1. The tryptophan in the holiday turkey makes you sleepy.

Fiction. There is as much if not more tryptophan in other foods such as dairy products, fish, chicken, and egg whites. It is the associated carbohydrates, alcohol, and large size of the meal that causes sleepiness.

2. Eating cured meats such as bacon and ham and aged cheeses such as parmesan, Romano, and Asiago can keep you awake at night.

Fact. These foods all contain high amounts of the amino acid tyramine. Tyramine promotes the release of the neurotransmitter norepinephrine in the brain. Norepinephrine is very much involved in increasing alertness–something we do not want to experience when we are trying to fall asleep.

3. Chocolate close to bedtime is a bad idea.

Fact. Chocolate, especially dark chocolate, contains caffeine. Caffeine is a definite no-no before bedtime.

4. Alcohol helps your sleep.

Fiction. Although alcohol will make you groggy and may help you to fall asleep, it does so at a cost. As it is metabolized, it will raise body temperature and cause multiple arousals from sleep. It also can suppress deeper stages of sleep, leaving you tired and fatigued the next day.

5. After a large meal we get sleepy because all of the blood flow that is directed to our intestinal tract and away from our brains.

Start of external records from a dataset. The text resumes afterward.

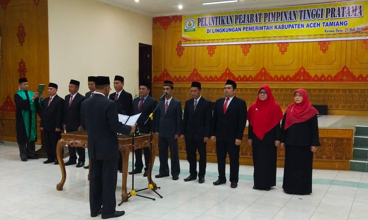Wakil Bupati Aceh Tamiang H T Insyafuddin ST melantik Drs Asra sebagai Inspektur Kabupaten Aceh Tamiang bersama sembilan orang Pejabat Pimpinan Tinggi Pratama lainnya di lingkungan Pemerintah Kabupaten Aceh Tamiang di Aula Setdakab Aceh Tamiang, Selasa (23/07/2019).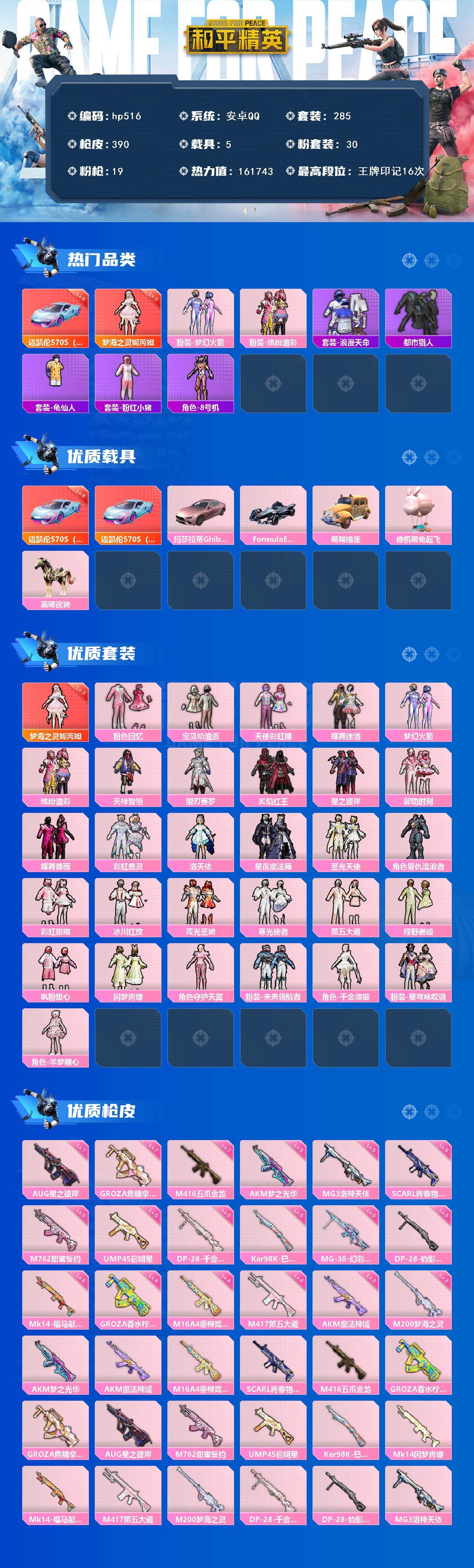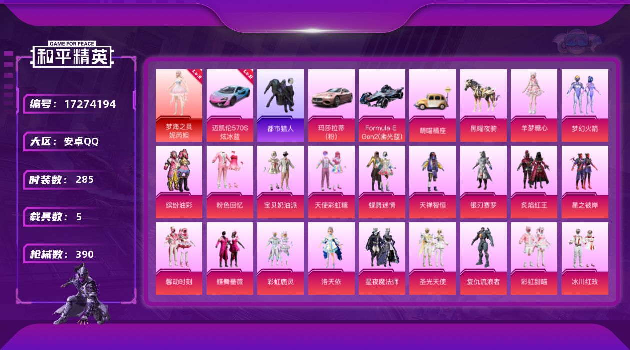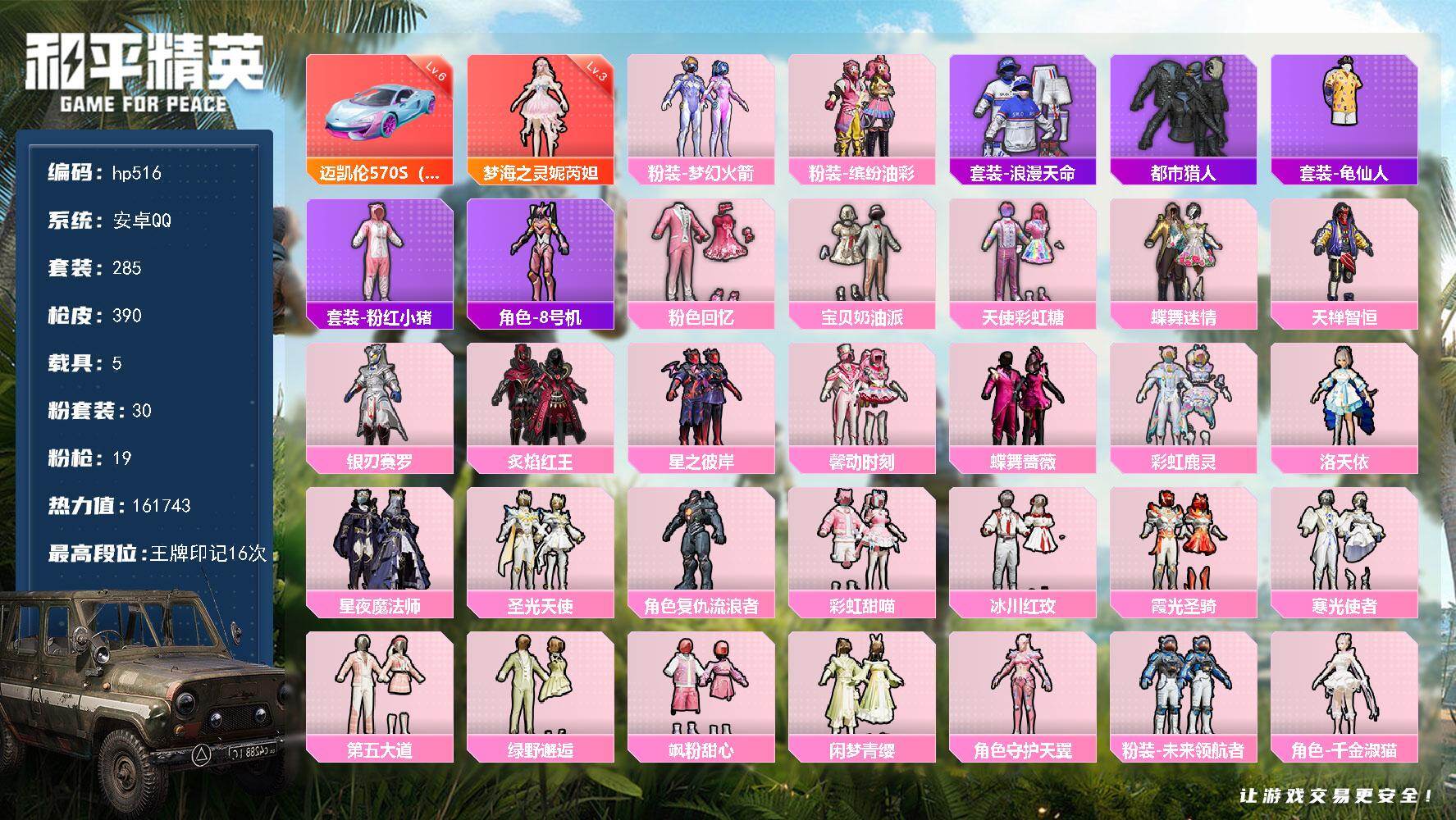 [17274194]安卓 手Q-1神装-30粉装-19特效枪-5载具-8粉色飞行器-161743热力值-16王牌印记-285套装-390枪皮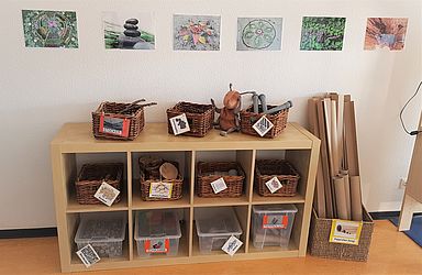 Für die Kindergartenkinder stehen fünf Räume für eine gruppenübergreifende Arbeit zur Verfügung. So haben die Kinder die Möglichkeit, sich ihren Themen in den folgenden Funktionsräumen zu widmen: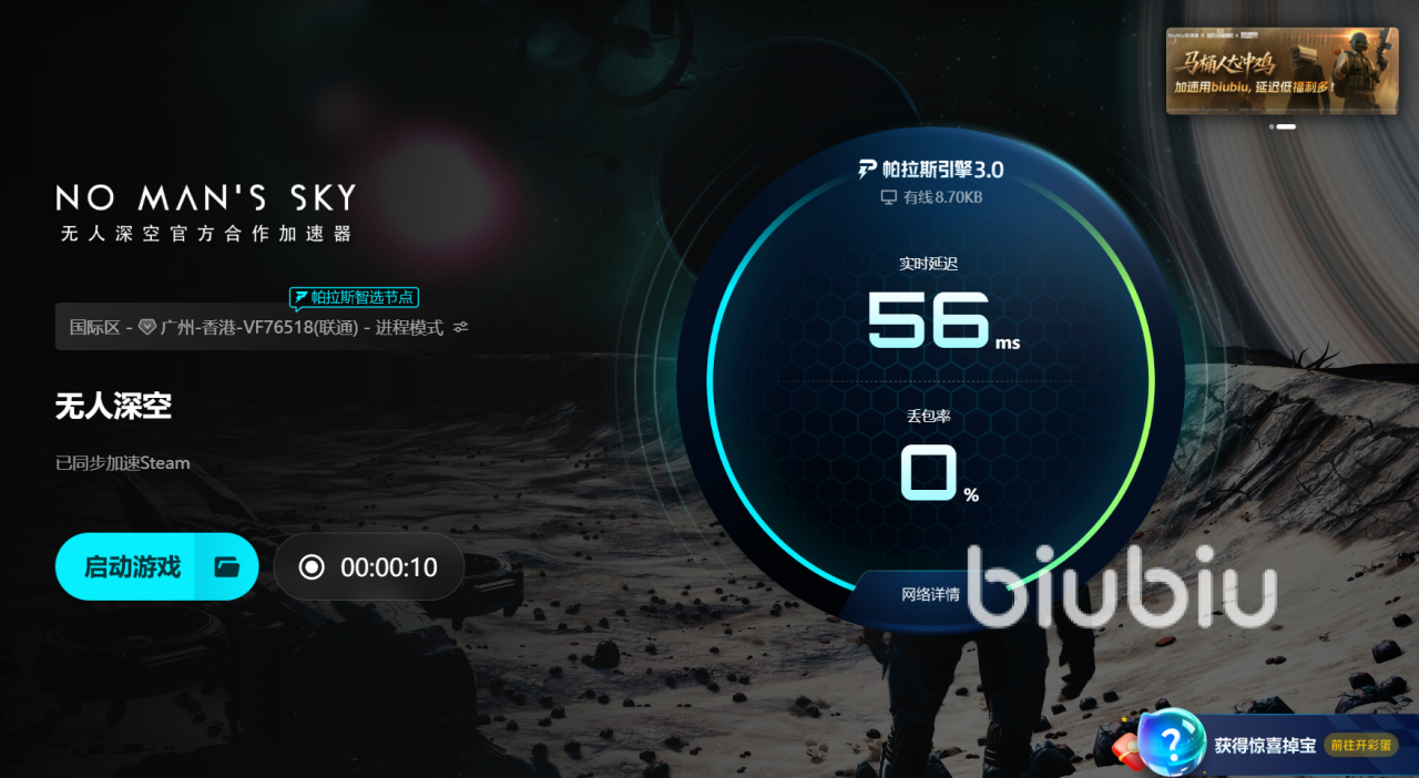 浩瀚宇宙本应触手可及,但通往它的入口必须坚固且稳定。《无人深空》的魅力不仅在于其近乎无限的星系数量,更在于每一次启动都是一段全新旅程的起点。借助biubiu加速器,你的飞船将真正点燃推进系统,让探索之旅不再被技术问题打断,让你与遥远星辰之间,只剩一次顺畅的加载等待。进度条平稳推进,光帆扬起,星图缓缓展开,未知与期待一同降临。坐进驾驶座,按下点火键,推进器由暗红转为炽白,航迹划出一道纯净光痕,寂静的深空仿佛被温柔撕开,前方的路从幽暗走向光明。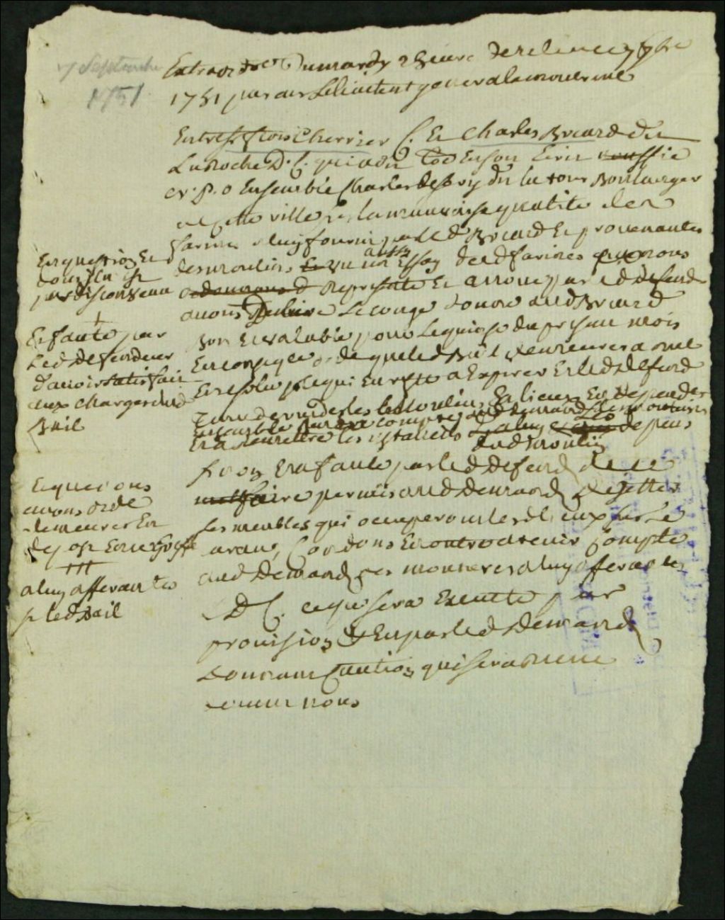 Procès entre François Cherrier, demandeur, et Charles Breillard dit Laroche, défendeur, 7 septembre 1751, Archives nationales à Montréal, Fonds Juridiction royale de Montréal, (06M,TL4,S1,D5637).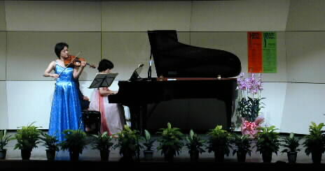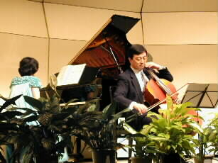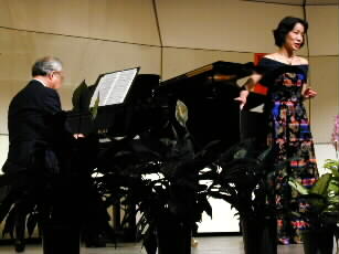 |  | フランス・スペイン歌曲の演奏、メゾソプラノは野々下由香里さん、伴奏は河野美砂子さん。(撮影:実行委員の山口さん) |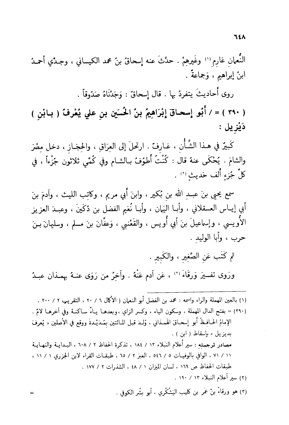 §أَبُو إِسْحَاقَ إِبْرَاهِيمُ بْنُ الْحُسَيْنِ بْنِ عَلِيٍّ يُعْرَفُ بِابْنِ دِيزِيلَ كَبِيرٌ فِي هَذَا الشَّأْنِ، عَارِفٌ، ارْتَحَلَ إِلَى الْعِرَاقِ، وَالْحِجَازِ، دَخَلَ مِصْرَ، وَالشَّامَ، يُحْكَى عَنْهُ قَالَ: كُنْتُ أَطُوفُ بِالشَّامِ، وَفِي كُمِّي ثَلَاثُونَ جُزْءًا فِي كُلِّ جُزْءٍ أَلْفُ حَدِيثٍ سَمِعَ يَحْيَى بْنَ عَبْدِ اللَّهِ بْنِ بُكَيْرٍ، وَابْنَ أَبِي مَرْيَمَ، وَكَاتِبَ اللَّيْثِ، وَآدَمَ بْنَ أَبِي إِيَاسَ الْعَسْقَلَانِيَّ، وَأَبَا الْيَمَانِ، وَأَبَا نُعَيْمٍ الْفَضْلَ بْنَ دُكَيْنٍ، وَعَبْدَ الْعَزِيزِ الْأُوَيْسِيَّ، وَإِسْمَاعِيلَ بْنَ أَبِي أُوَيْسٍ، وَالْقَعْنَبِيَّ، وَعَفَّانَ بْنَ مُسْلِمٍ، وَسُلَيْمَانَ بْنَ حَرْبٍ، وَأَبَا الْوَلِيدِ، ثُمَّ كَتَبَ عَنِ الصَّغِيرِ وَالْكَبِيرِ، وَرَوَى تَفْسِيرَ وَرْقَاءَ، عَنْ آدَمَ عَنْهُ، وَآخِرُ مَنْ رَوَى عَنْهُ بِهَمَذَانَ، عَبْدُ -[649]- الرَّحْمَنِ بْنُ عُبَيْدٍ الْأَسَدِيُّ، وَمَاتَ بَعْدَ السَّبْعِينَ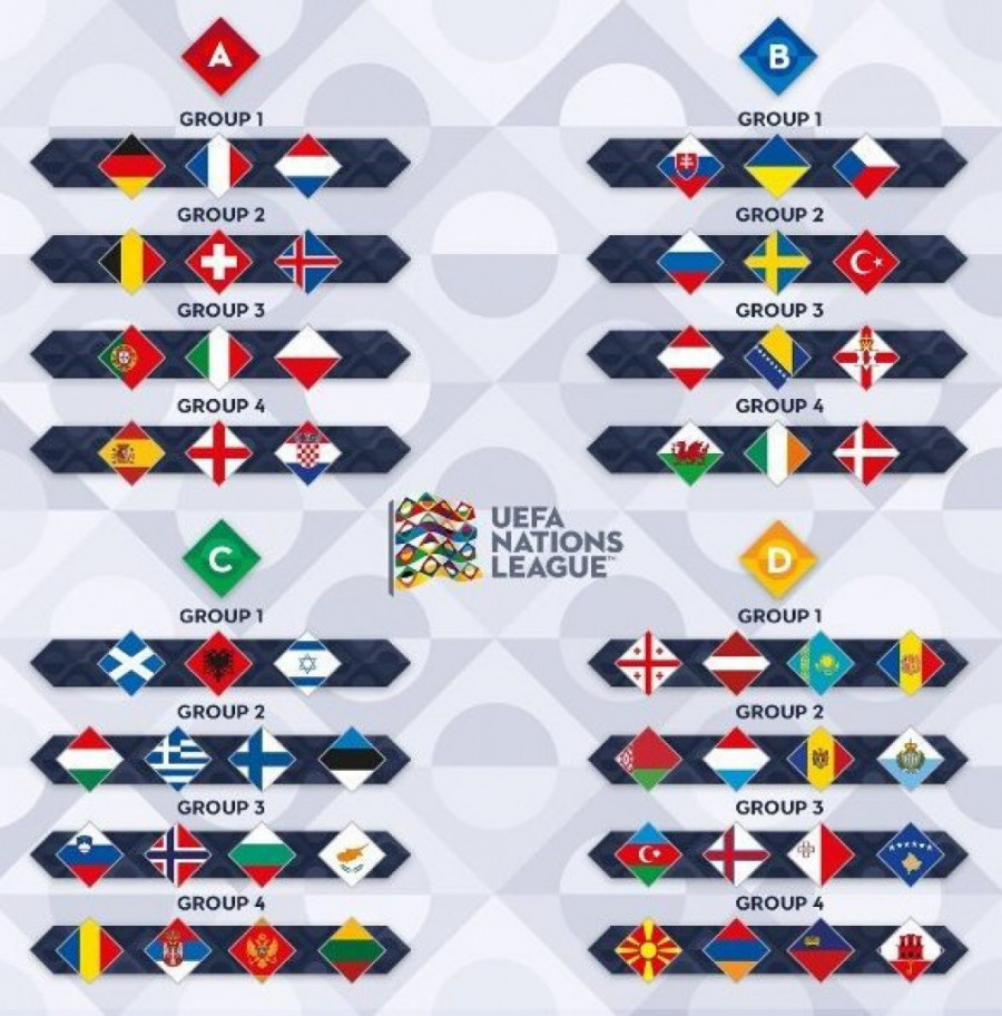 UEFA Ligu nacija igraće 55 reprezentacija, koje su podeljene u četiri lige (A, B, C, D). U Ligi A ima 12 reprezentacija, u Ligi B isto 12, u Ligi C 15 i u Ligi D 16 selekcija. Svaka liga ima po četiri grupe (1, 2, 3, 4). U Ligi A i Ligi B biće četiri grupe po tri ekipe, u Ligi C biće jedna grupa sa tri i tri grupe sa po četiri ekipe, dok će u Ligi D biti četiri grupe sa po četiri ekipe.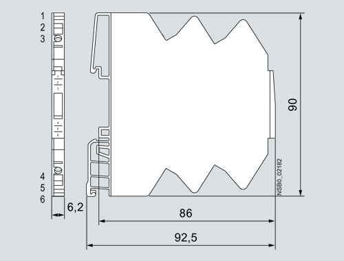 Размеры для аналогового преобразователя с 3-кратным гальваническим разделением и шири 6.2 мм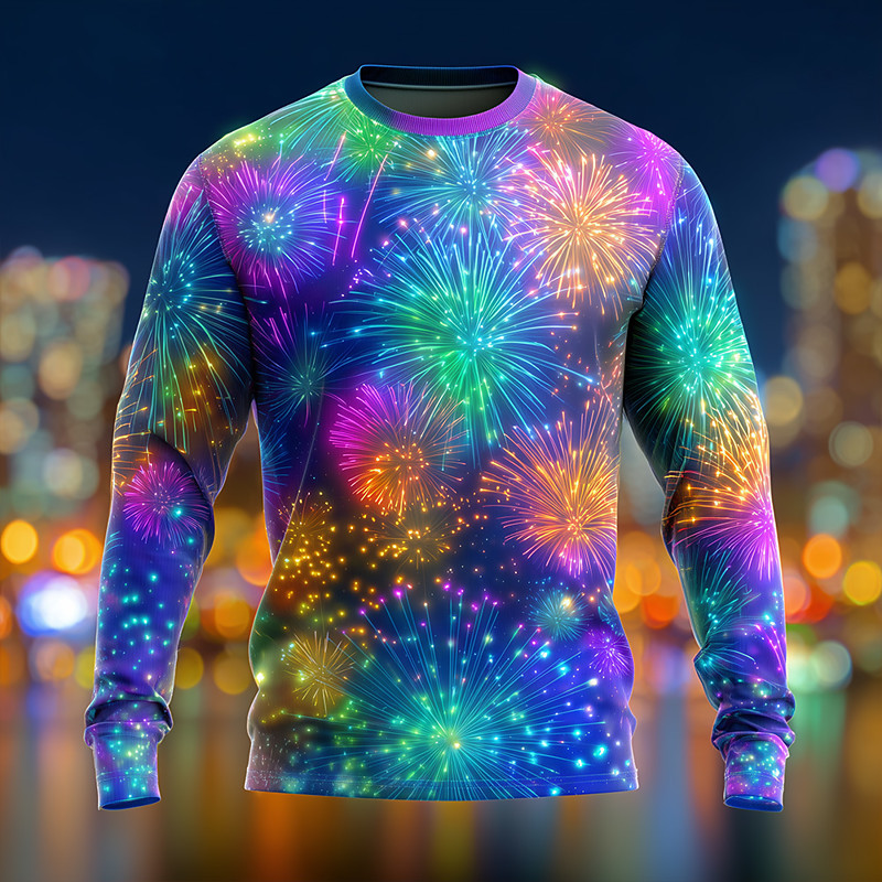 New Year Men's Fireworks T Shirt Long Sleeve T shirt 3D Print Crew Neck Shirt Exaggerated Designer Artistic Party Street Club Blue Black Purple Fall Winter Clothing Apparel S M L XL XXL XXXL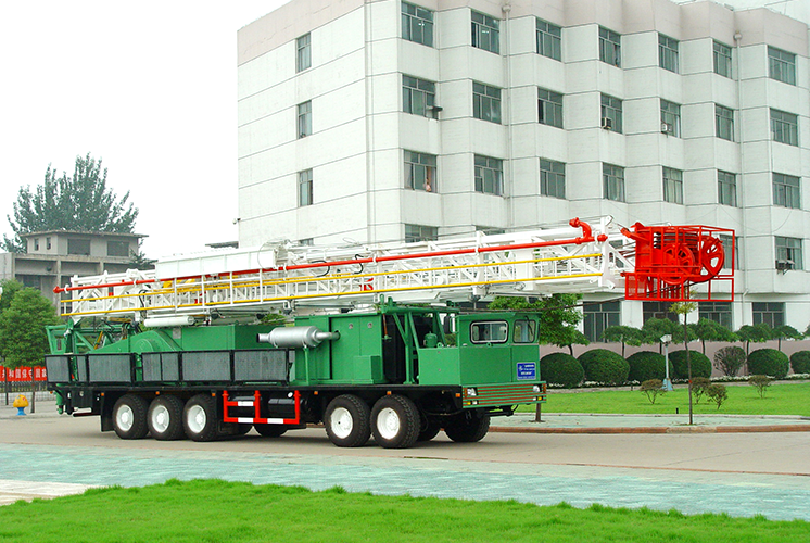 4. 井架采用前開口雙節套裝桅形井架,前傾或直立,液壓缸起放及伸縮,配有防風繃繩及防翻繃繩。

Fiction. Actually, the human brain has an amazing ability to auto regulate its own blood flow under such circumstances. It is the turning on of the parasympathetic nervous system which is required for digestion, and the turning off of the sympathetic (fight or flight) portion of the autonomic nervous system that contributes to sleepiness.

6. Eating spicy foods close to bedtime is a bad idea.

Fact. Spicy foods increase core body temperature and can promote acid reflux. Both of these reactions are counterproductive when it comes to sleep.

7. People snore louder when they drink alcohol.

Fact. Alcohol causes weakness of the muscles of the upper airway. This weakness can result in loud snoring and can cause sleep apnea in heavy drinkers.

8. A balanced light snack of protein and complex carbohydrates can help you fall asleep. Examples are cheese and crackers or almond butter on whole wheat bread.

Fact. The tryptophan in dairy products and foods such as beans and nuts, when combined with complex carbohydrates, can promote sleep. The steady and moderate release of insulin associated with complex carbs as opposed to the surge associated with refined carbs such as flour and white rice will increase the transport of tryptophan into the brain. The tryptophan is then converted to serotonin and melatonin. The latter being a major sleep-promoting hormone.

9. If you suffer from nighttime heartburn, avoid fried and fatty foods.

Fact. Fried and fatty foods cause the muscle that keeps food from coming back up from the stomach to the esophagus to dilate. This muscle is called the lower esophageal sphincter. This results in acid reflux and can cause problems with staying asleep and damage to the esophagus.

10. That evening mocha latte has nothing to do with my inability to fall asleep.

Fiction. Caffeine may take anywhere from four to ten hours to be metabolized, depending on the individual. If you are having trouble falling or staying asleep, avoid all caffeine after noon.

The take home message is that we need to be aware of the fact that what we eat affects our sleep. Over the years, I have seen countless patients whose sleep and overall health improved dramatically when they understood the relationship of diet and sleep.